DESCRIPTION OF THE TASK -
The expected output is each line from the one containing "凯蒂猫电动牙刷成人女生礼物充电式声波学生党家用软毛生日" to the last line of the data below, set down exactly, minus the pictures.

(Source records)
↓

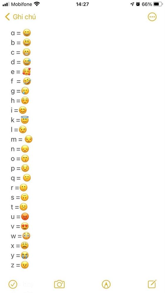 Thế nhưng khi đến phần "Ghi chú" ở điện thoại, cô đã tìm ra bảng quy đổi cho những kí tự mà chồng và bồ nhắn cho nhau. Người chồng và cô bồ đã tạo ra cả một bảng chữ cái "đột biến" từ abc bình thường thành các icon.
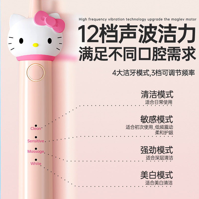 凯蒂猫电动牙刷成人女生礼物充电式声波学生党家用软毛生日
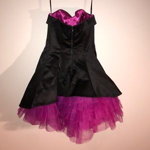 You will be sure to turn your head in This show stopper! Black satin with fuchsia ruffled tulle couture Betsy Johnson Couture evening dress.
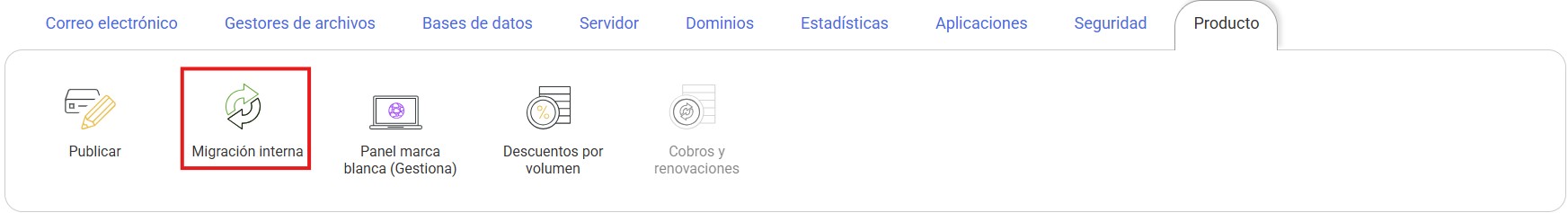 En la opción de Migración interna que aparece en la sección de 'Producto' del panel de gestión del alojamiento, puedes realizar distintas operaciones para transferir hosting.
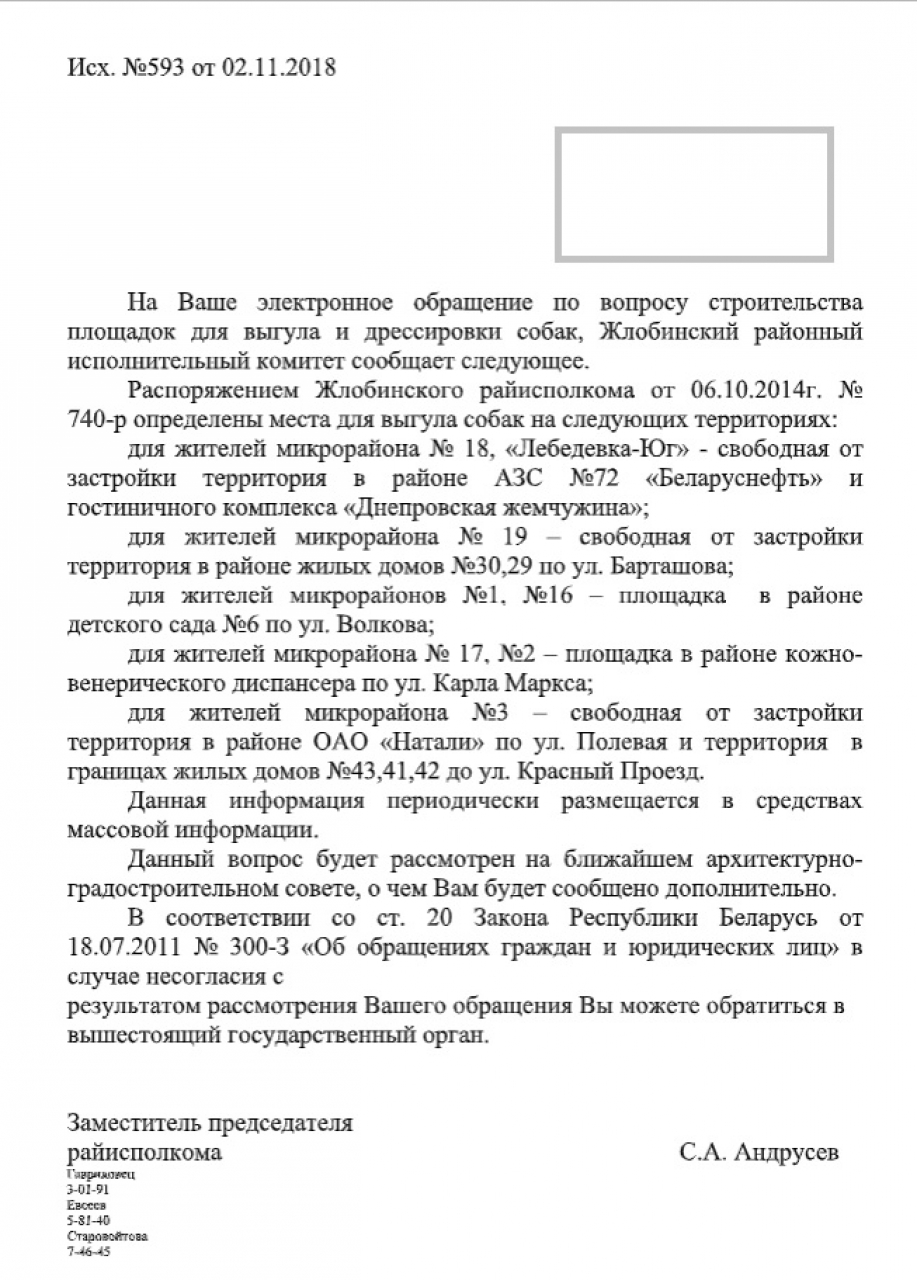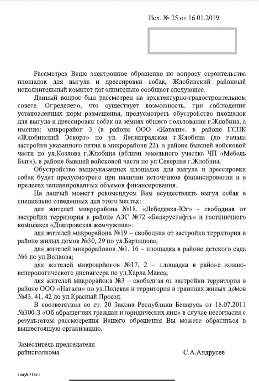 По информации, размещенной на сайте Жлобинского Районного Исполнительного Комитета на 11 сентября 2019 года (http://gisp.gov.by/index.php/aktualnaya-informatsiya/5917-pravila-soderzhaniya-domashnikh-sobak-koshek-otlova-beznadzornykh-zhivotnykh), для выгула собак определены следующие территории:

↑

RESPONSE FOR THIS EXERCISE -
 凯蒂猫电动牙刷成人女生礼物充电式声波学生党家用软毛生日
 You will be sure to turn your head in This show stopper! Black satin with fuchsia ruffled tulle couture Betsy Johnson Couture evening dress.
 En la opción de Migración interna que aparece en la sección de 'Producto' del panel de gestión del alojamiento, puedes realizar distintas operaciones para transferir hosting.
 По информации, размещенной на сайте Жлобинского Районного Исполнительного Комитета на 11 сентября 2019 года (http://gisp.gov.by/index.php/aktualnaya-informatsiya/5917-pravila-soderzhaniya-domashnikh-sobak-koshek-otlova-beznadzornykh-zhivotnykh), для выгула собак определены следующие территории:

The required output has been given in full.